PROMPT - When you return the data, keep every word exact and include none of the images.

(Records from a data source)
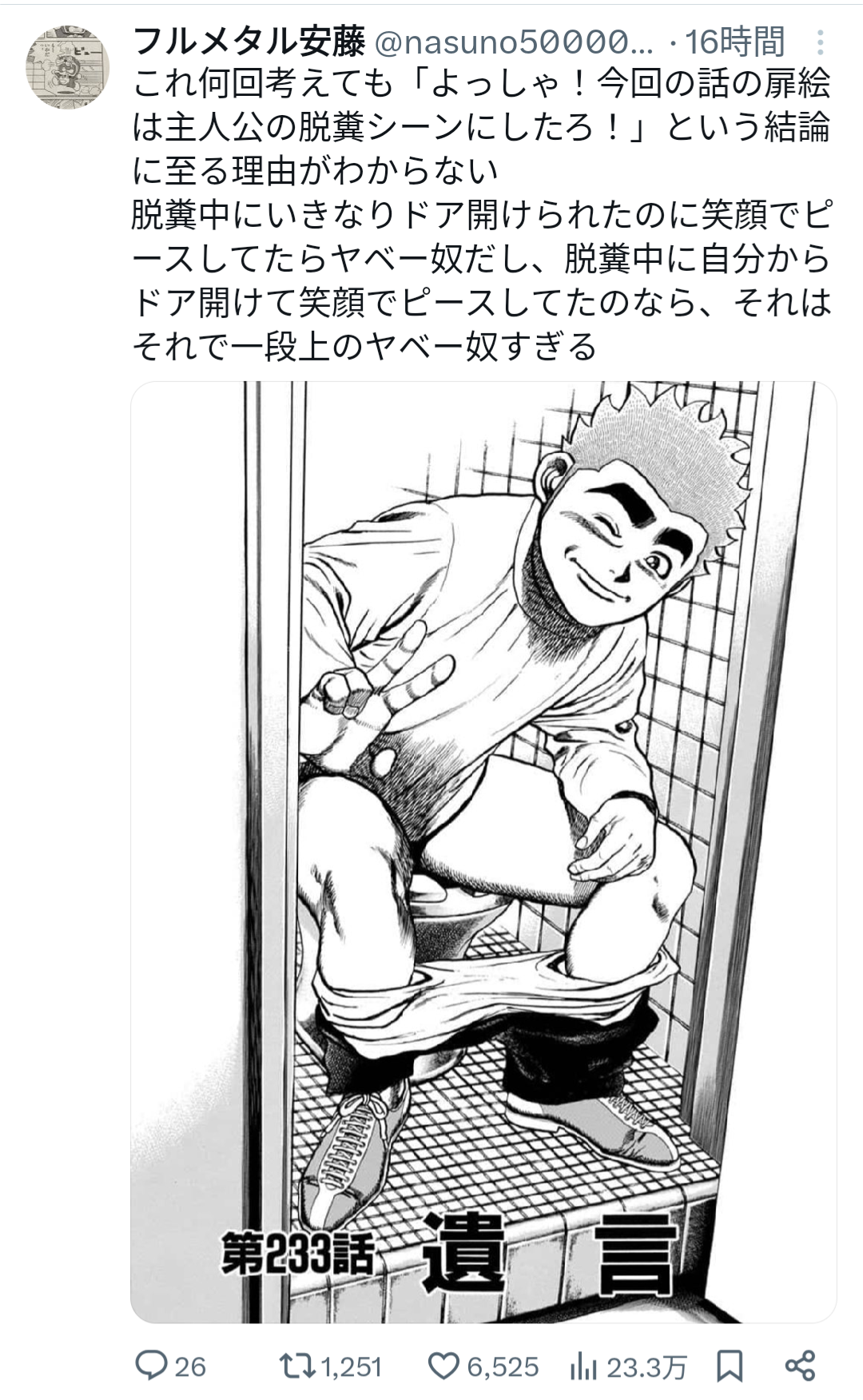 | … | 3326/03/14(土)18:04:47No.1410662476+重い話の最中だから主人公が糞する下ネタやって空気を軽くしようってだけだろ |
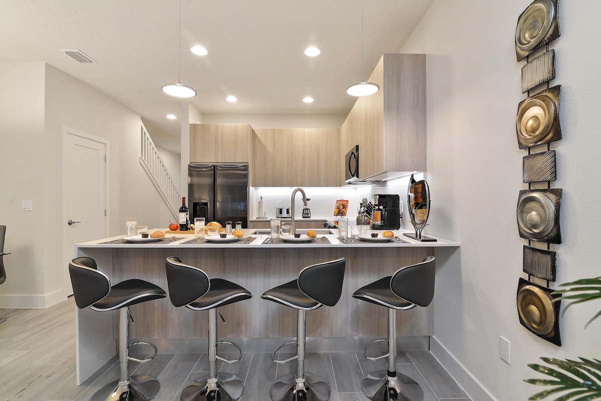 Welcome to our Magical Hideaway, a home-away-from-home that will perfectly complement the lasting memories your family will be creating while visiting the happiest places on earth! This brand new, professionally-appointed 3 bedroom, 3 bathroom fully equipped townhome with all of the comforts of home and the resort-like luxuries with a private dip pool, patio with no rear neighbors, is splendid for families, clubhouse, Games room, GYM. Just short drive away from Animal Kingdom, may restaurants!
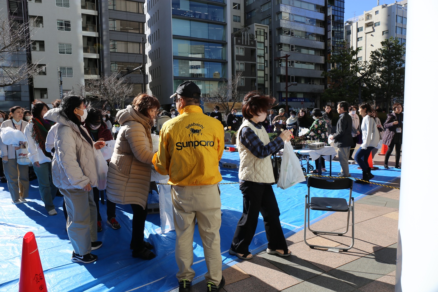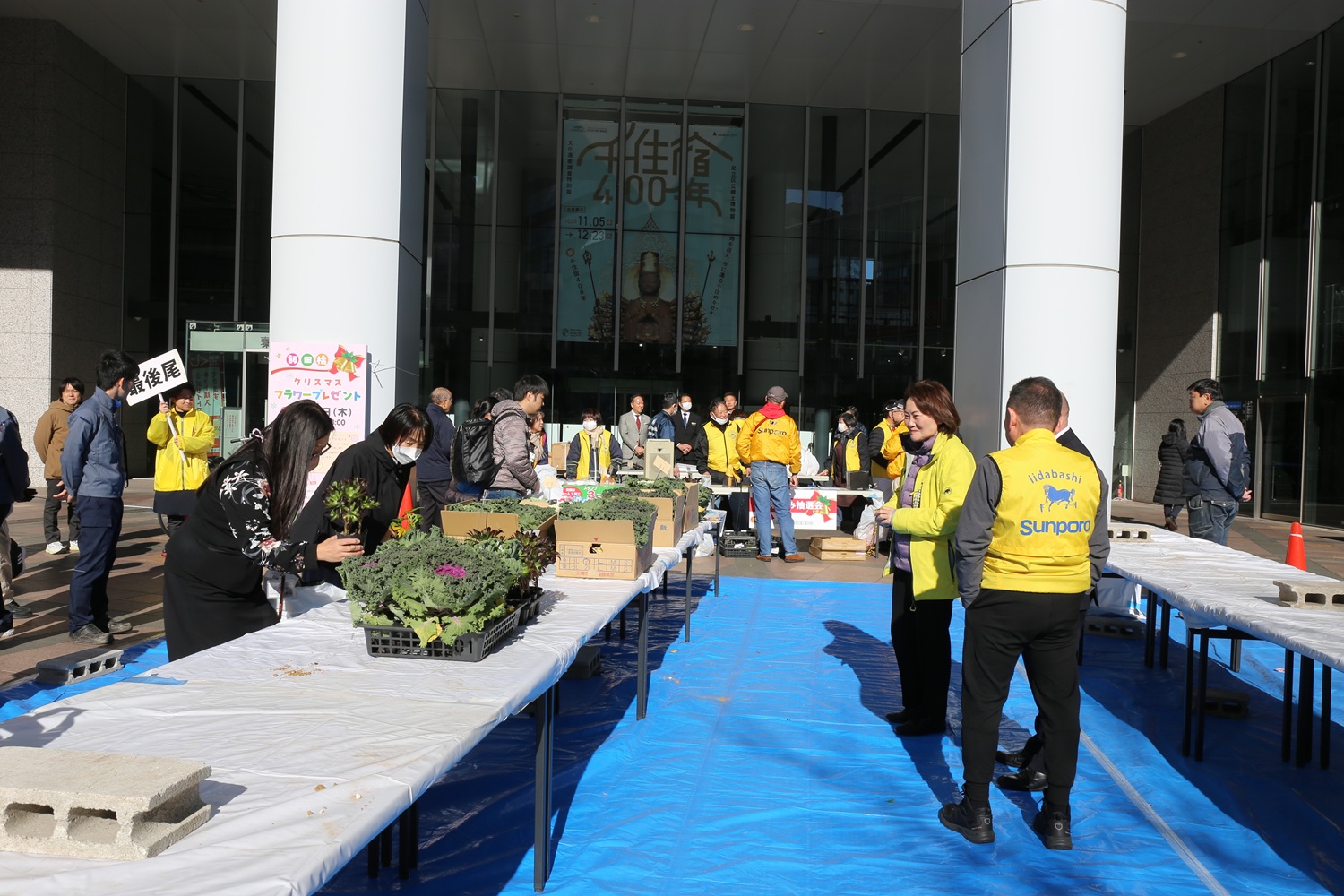 抽選で当たる賞品は、色鮮やかなポインセチアや美味しそうなホテルメトロポリタンエドモントとファリーヌキムラヤさんのパンセットや商店会賞などです。花鉢と賞品の二袋を手に下げ、嬉しそうにお帰りになる姿はいつ見ても良いものです✨
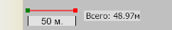 Скорей всего, неточно измеряется расстояние. Длина линейки может быть неточной лишь из-за округления количества пикселей, например, если разрешение указано 0,69 м/пикс, то в 50 м должно быть 72,463768115942028985507246376812 пикселя, а реально их 72, то есть расстояние будет не 50 м, а 49,68 м. На скриншоте ошибка явно больше, правда, там не указано разрешение, может, оно не 0,69 м/пикс. |
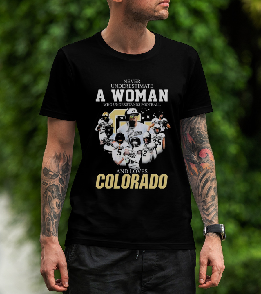 Never Underestimate A Woman Who Understands Football And Loves Colorado Buffaloes Players T-Shirt
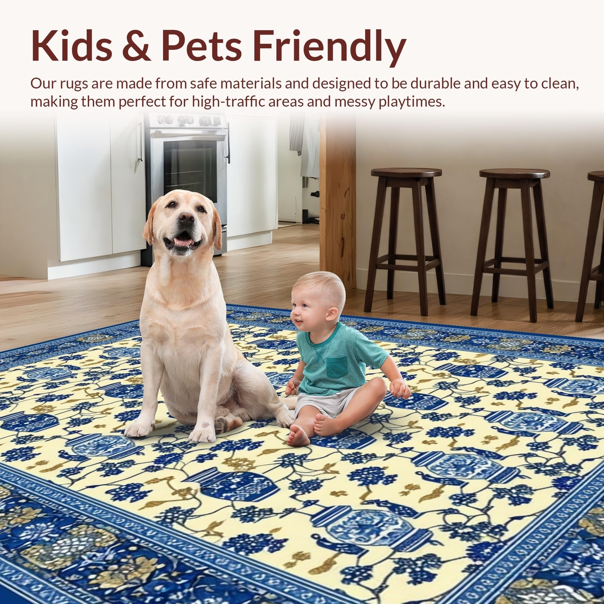 Ultra Soft Area Rug, Non Slip, Stain Resistant, Washable Area Rugs for Living Room, Bedroom, Elegant Modern Geometric Floral Arrangement(Beige) Overview:
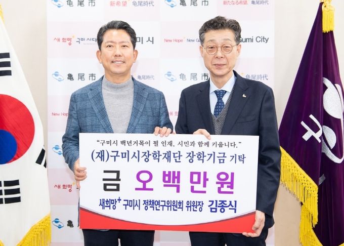 [경남도민뉴스=이돈휘 기자] (재)구미시장학재단은 지난 27일 구미시청 시장 집무실에서 새희망+ 구미시 정책연구위원회 김종식 위원장으로부터 500만 원의 장학기금을 기탁 받았다.
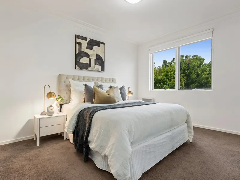 Two robed bedrooms are thoughtfully zoned for privacy, with one opening to its own balcony to capture the bay breeze and the other featuring triple mirrored robes. A pristine bathroom with bathtub is complemented by a European laundry, extensive storage, intercom entry, split-system heating and cooling, and electric panel heating for year-round comfort.
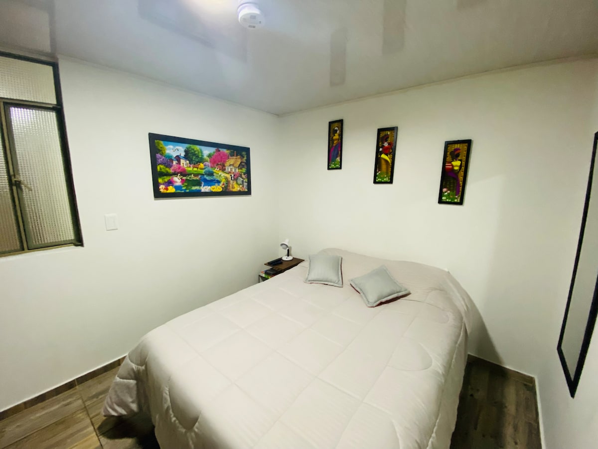 Apartamento moderno, acogedor y totalmente dotado en una ubicación central y estratégica en Bogotá. Perfecto para viajes de negocios, turismo, pareja o amigos que busquen alojarse en un lugar central. A dos cuadras del parque de la 93, cerca a restaurantes, centros comerciales y lugares de interés. El espacio cuenta con todo lo que necesitas: internet, cocina equipada, baño con diseño moderno, sala de estar acogedora, exterior y un cómodo dormitorio.
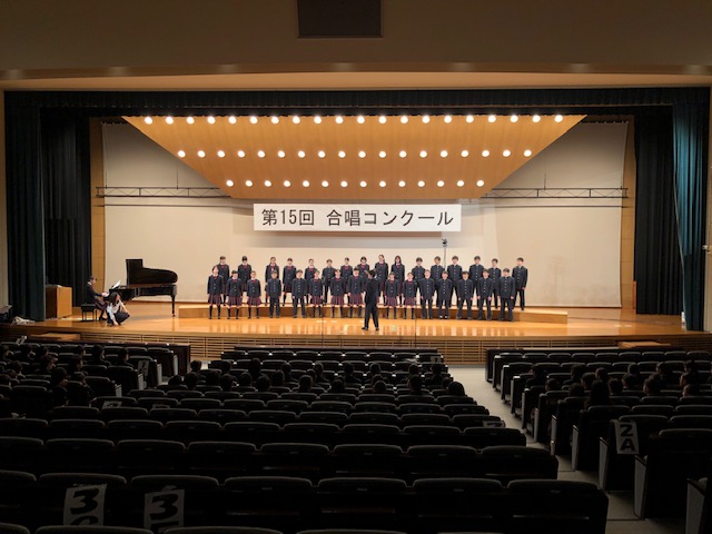 12月13日(金) 中等部 第15回合唱コンクールが大学の百周年記念講堂にて行われました。 各クラスがこの日に合わせて計画的に練習を重ねてきました。その成果を存分に発揮し,満足のいく合唱ができたようです。

WRITTEN RESPONSE -
 | … | 3326/03/14(土)18:04:47No.1410662476+重い話の最中だから主人公が糞する下ネタやって空気を軽くしようってだけだろ |
 Welcome to our Magical Hideaway, a home-away-from-home that will perfectly complement the lasting memories your family will be creating while visiting the happiest places on earth! This brand new, professionally-appointed 3 bedroom, 3 bathroom fully equipped townhome with all of the comforts of home and the resort-like luxuries with a private dip pool, patio with no rear neighbors, is splendid for families, clubhouse, Games room, GYM. Just short drive away from Animal Kingdom, may restaurants!
 抽選で当たる賞品は、色鮮やかなポインセチアや美味しそうなホテルメトロポリタンエドモントとファリーヌキムラヤさんのパンセットや商店会賞などです。花鉢と賞品の二袋を手に下げ、嬉しそうにお帰りになる姿はいつ見ても良いものです✨
 Скорей всего, неточно измеряется расстояние. Длина линейки может быть неточной лишь из-за округления количества пикселей, например, если разрешение указано 0,69 м/пикс, то в 50 м должно быть 72,463768115942028985507246376812 пикселя, а реально их 72, то есть расстояние будет не 50 м, а 49,68 м. На скриншоте ошибка явно больше, правда, там не указано разрешение, может, оно не 0,69 м/пикс. |
 Never Underestimate A Woman Who Understands Football And Loves Colorado Buffaloes Players T-Shirt
 Ultra Soft Area Rug, Non Slip, Stain Resistant, Washable Area Rugs for Living Room, Bedroom, Elegant Modern Geometric Floral Arrangement(Beige) Overview:
 [경남도민뉴스=이돈휘 기자] (재)구미시장학재단은 지난 27일 구미시청 시장 집무실에서 새희망+ 구미시 정책연구위원회 김종식 위원장으로부터 500만 원의 장학기금을 기탁 받았다.
 Two robed bedrooms are thoughtfully zoned for privacy, with one opening to its own balcony to capture the bay breeze and the other featuring triple mirrored robes. A pristine bathroom with bathtub is complemented by a European laundry, extensive storage, intercom entry, split-system heating and cooling, and electric panel heating for year-round comfort.
 Apartamento moderno, acogedor y totalmente dotado en una ubicación central y estratégica en Bogotá. Perfecto para viajes de negocios, turismo, pareja o amigos que busquen alojarse en un lugar central. A dos cuadras del parque de la 93, cerca a restaurantes, centros comerciales y lugares de interés. El espacio cuenta con todo lo que necesitas: internet, cocina equipada, baño con diseño moderno, sala de estar acogedora, exterior y un cómodo dormitorio.
 12月13日(金) 中等部 第15回合唱コンクールが大学の百周年記念講堂にて行われました。 各クラスがこの日に合わせて計画的に練習を重ねてきました。その成果を存分に発揮し,満足のいく合唱ができたようです。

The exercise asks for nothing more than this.